# [Provided data]
>>>>

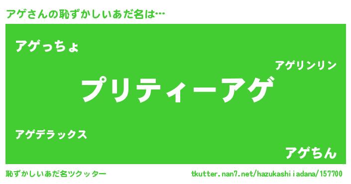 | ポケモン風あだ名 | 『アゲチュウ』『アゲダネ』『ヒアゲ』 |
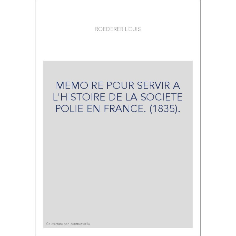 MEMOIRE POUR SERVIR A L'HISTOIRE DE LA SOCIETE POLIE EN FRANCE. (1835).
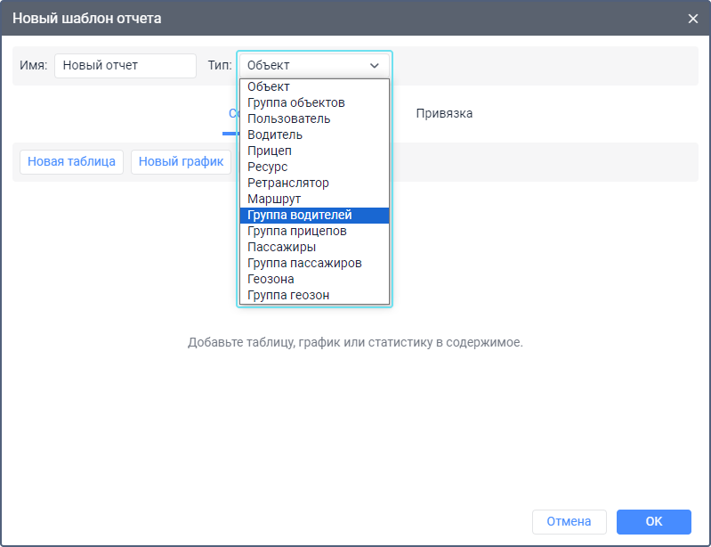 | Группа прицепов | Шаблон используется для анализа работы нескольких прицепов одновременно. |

<<<<
>>>>

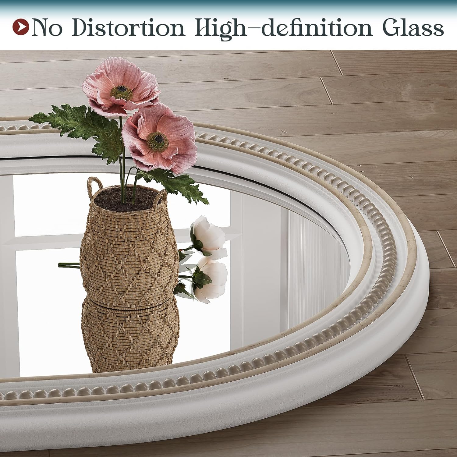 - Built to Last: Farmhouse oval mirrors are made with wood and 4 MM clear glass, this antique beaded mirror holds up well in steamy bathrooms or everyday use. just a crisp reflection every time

<<<<

# [Exercise objective]
Copy only these lines from the records above, exactly: the one with "ポケモン風あだ名 | 『アゲチュウ』『アゲダネ』『ヒアゲ』 |", the one with "прицепов одновременно. |", and those between. Skip the pictures.

# [Finished exercise]
 | ポケモン風あだ名 | 『アゲチュウ』『アゲダネ』『ヒアゲ』 |
 MEMOIRE POUR SERVIR A L'HISTOIRE DE LA SOCIETE POLIE EN FRANCE. (1835).
 | Группа прицепов | Шаблон используется для анализа работы нескольких прицепов одновременно. |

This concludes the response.